## Input for this task
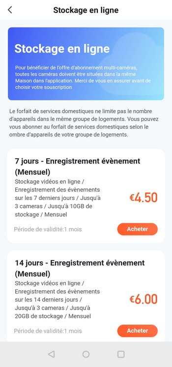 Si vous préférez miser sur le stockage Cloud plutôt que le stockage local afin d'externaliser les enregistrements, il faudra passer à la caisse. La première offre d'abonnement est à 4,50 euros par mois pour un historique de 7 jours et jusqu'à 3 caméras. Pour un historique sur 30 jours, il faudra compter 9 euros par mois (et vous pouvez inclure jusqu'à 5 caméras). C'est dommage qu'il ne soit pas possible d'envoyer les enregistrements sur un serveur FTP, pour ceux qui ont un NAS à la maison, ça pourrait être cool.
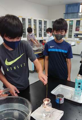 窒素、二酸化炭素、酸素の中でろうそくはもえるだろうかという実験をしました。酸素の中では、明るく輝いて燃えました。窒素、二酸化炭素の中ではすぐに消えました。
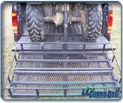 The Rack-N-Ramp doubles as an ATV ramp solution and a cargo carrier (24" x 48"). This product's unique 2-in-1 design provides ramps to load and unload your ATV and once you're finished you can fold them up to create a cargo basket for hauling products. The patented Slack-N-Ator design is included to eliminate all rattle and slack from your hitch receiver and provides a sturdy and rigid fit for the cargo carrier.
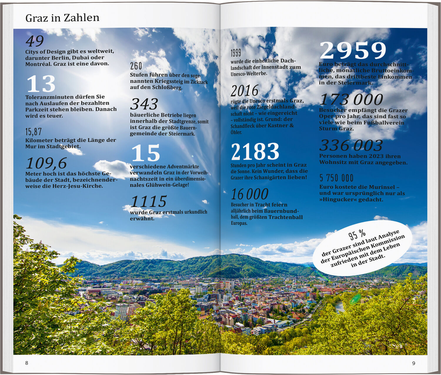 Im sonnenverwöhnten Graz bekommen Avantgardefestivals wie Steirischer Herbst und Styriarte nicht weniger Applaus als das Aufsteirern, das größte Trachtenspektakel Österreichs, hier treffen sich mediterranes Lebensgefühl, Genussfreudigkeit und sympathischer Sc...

==

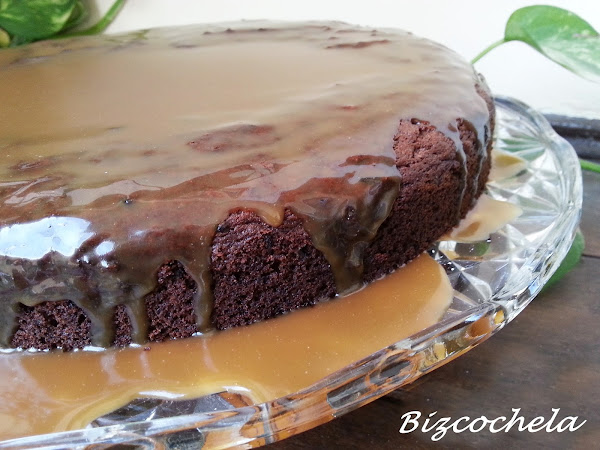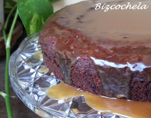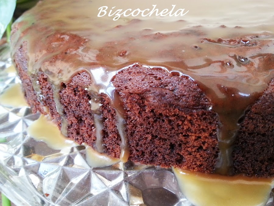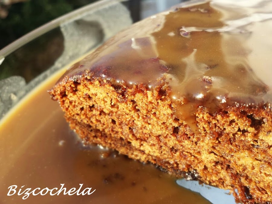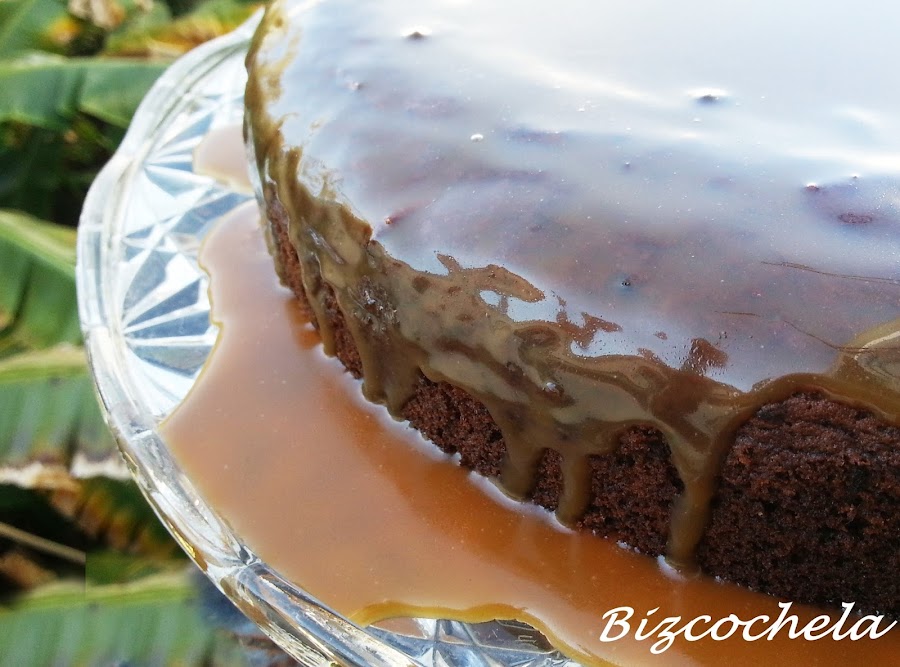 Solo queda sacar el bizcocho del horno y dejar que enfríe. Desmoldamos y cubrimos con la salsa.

## Problem
For the material above, give again only the lines starting at the line that contains "Si vous préférez" and ending at the line that contains "窒素、二酸化炭素、酸素の中で". Pictures do not belong in the copy.

## Answer section
 Si vous préférez miser sur le stockage Cloud plutôt que le stockage local afin d'externaliser les enregistrements, il faudra passer à la caisse. La première offre d'abonnement est à 4,50 euros par mois pour un historique de 7 jours et jusqu'à 3 caméras. Pour un historique sur 30 jours, il faudra compter 9 euros par mois (et vous pouvez inclure jusqu'à 5 caméras). C'est dommage qu'il ne soit pas possible d'envoyer les enregistrements sur un serveur FTP, pour ceux qui ont un NAS à la maison, ça pourrait être cool.
 窒素、二酸化炭素、酸素の中でろうそくはもえるだろうかという実験をしました。酸素の中では、明るく輝いて燃えました。窒素、二酸化炭素の中ではすぐに消えました。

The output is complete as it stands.